The full listing, returned exactly and free of pictures, is the expected answer.

• RAW DATA
Segment Open
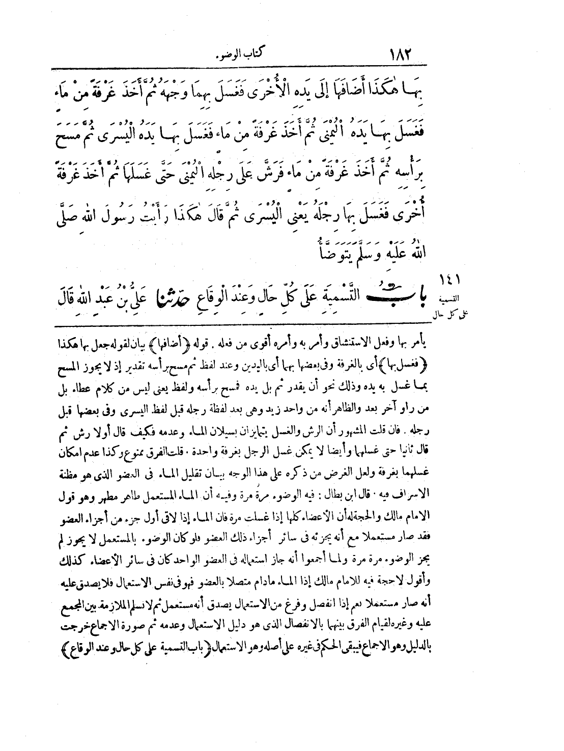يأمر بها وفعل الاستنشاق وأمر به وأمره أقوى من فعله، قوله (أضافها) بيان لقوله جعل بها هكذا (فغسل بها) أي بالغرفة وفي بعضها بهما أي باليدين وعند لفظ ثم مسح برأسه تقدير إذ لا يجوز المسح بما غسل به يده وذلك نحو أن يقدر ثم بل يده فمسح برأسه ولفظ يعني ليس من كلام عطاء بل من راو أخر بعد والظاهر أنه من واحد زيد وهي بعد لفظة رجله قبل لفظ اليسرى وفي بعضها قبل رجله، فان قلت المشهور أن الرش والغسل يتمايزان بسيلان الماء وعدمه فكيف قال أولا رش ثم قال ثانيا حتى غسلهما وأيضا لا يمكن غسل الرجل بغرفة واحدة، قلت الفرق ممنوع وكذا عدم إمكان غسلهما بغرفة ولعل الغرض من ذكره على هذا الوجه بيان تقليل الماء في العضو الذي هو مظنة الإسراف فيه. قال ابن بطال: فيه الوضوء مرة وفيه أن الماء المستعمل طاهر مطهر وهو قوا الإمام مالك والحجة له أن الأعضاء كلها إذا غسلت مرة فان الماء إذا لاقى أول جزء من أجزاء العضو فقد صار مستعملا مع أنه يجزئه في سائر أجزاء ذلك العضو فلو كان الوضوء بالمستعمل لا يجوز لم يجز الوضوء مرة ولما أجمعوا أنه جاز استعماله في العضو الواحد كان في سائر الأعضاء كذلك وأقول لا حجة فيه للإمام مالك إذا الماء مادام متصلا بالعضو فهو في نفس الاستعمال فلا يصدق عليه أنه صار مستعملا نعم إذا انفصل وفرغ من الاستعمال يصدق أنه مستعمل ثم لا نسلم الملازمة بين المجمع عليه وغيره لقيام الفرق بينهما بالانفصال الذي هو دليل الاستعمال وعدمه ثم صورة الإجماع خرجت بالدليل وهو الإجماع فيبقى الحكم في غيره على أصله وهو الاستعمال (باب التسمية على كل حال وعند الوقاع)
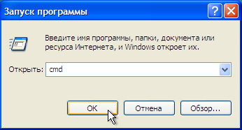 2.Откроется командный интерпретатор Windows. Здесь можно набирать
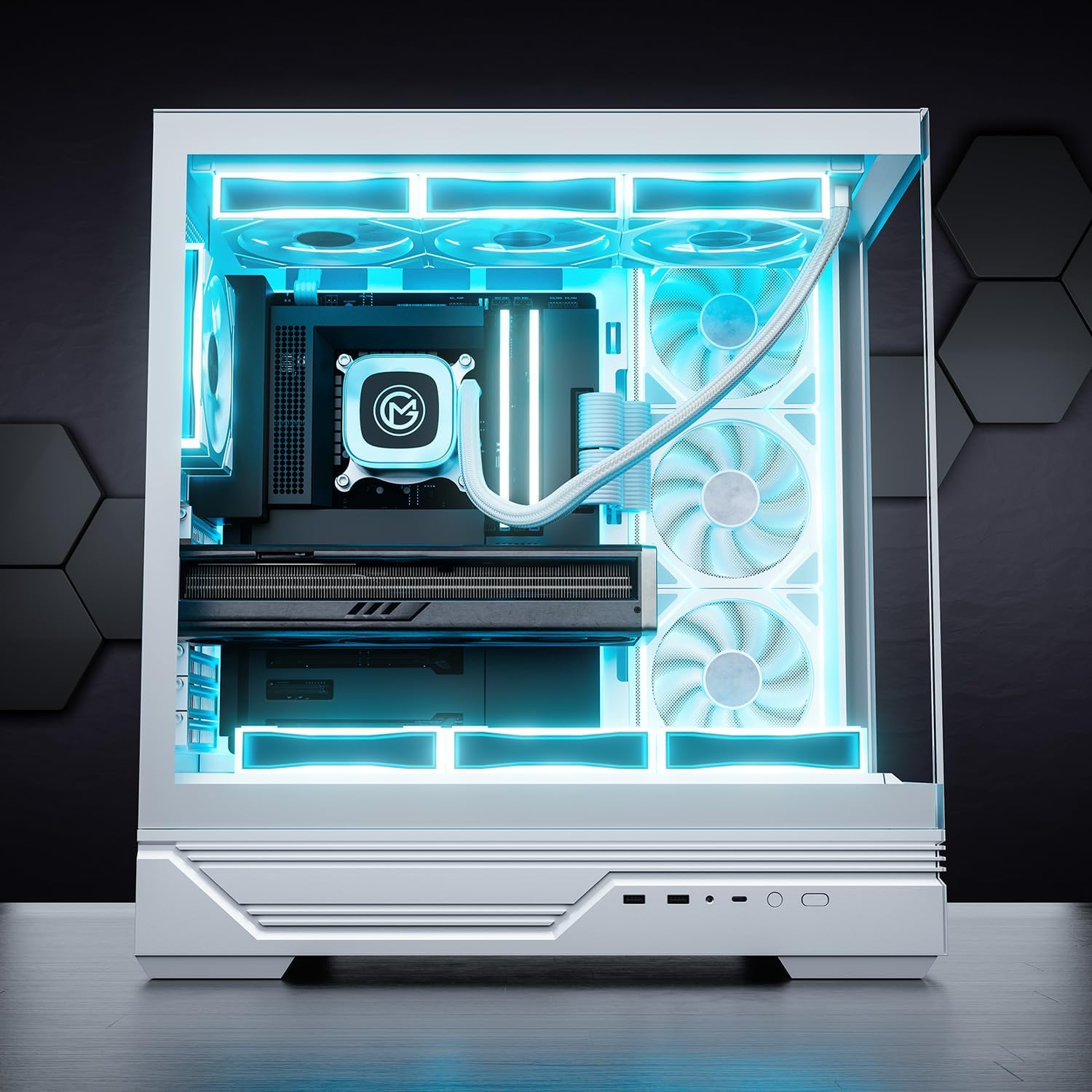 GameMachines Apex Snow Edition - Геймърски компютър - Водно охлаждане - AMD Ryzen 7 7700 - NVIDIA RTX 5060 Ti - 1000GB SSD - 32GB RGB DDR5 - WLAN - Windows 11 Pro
Segment Closed
• ANSWER TO THIS TASK
يأمر بها وفعل الاستنشاق وأمر به وأمره أقوى من فعله، قوله (أضافها) بيان لقوله جعل بها هكذا (فغسل بها) أي بالغرفة وفي بعضها بهما أي باليدين وعند لفظ ثم مسح برأسه تقدير إذ لا يجوز المسح بما غسل به يده وذلك نحو أن يقدر ثم بل يده فمسح برأسه ولفظ يعني ليس من كلام عطاء بل من راو أخر بعد والظاهر أنه من واحد زيد وهي بعد لفظة رجله قبل لفظ اليسرى وفي بعضها قبل رجله، فان قلت المشهور أن الرش والغسل يتمايزان بسيلان الماء وعدمه فكيف قال أولا رش ثم قال ثانيا حتى غسلهما وأيضا لا يمكن غسل الرجل بغرفة واحدة، قلت الفرق ممنوع وكذا عدم إمكان غسلهما بغرفة ولعل الغرض من ذكره على هذا الوجه بيان تقليل الماء في العضو الذي هو مظنة الإسراف فيه. قال ابن بطال: فيه الوضوء مرة وفيه أن الماء المستعمل طاهر مطهر وهو قوا الإمام مالك والحجة له أن الأعضاء كلها إذا غسلت مرة فان الماء إذا لاقى أول جزء من أجزاء العضو فقد صار مستعملا مع أنه يجزئه في سائر أجزاء ذلك العضو فلو كان الوضوء بالمستعمل لا يجوز لم يجز الوضوء مرة ولما أجمعوا أنه جاز استعماله في العضو الواحد كان في سائر الأعضاء كذلك وأقول لا حجة فيه للإمام مالك إذا الماء مادام متصلا بالعضو فهو في نفس الاستعمال فلا يصدق عليه أنه صار مستعملا نعم إذا انفصل وفرغ من الاستعمال يصدق أنه مستعمل ثم لا نسلم الملازمة بين المجمع عليه وغيره لقيام الفرق بينهما بالانفصال الذي هو دليل الاستعمال وعدمه ثم صورة الإجماع خرجت بالدليل وهو الإجماع فيبقى الحكم في غيره على أصله وهو الاستعمال (باب التسمية على كل حال وعند الوقاع)
 2.Откроется командный интерпретатор Windows. Здесь можно набирать
 GameMachines Apex Snow Edition - Геймърски компютър - Водно охлаждане - AMD Ryzen 7 7700 - NVIDIA RTX 5060 Ti - 1000GB SSD - 32GB RGB DDR5 - WLAN - Windows 11 Pro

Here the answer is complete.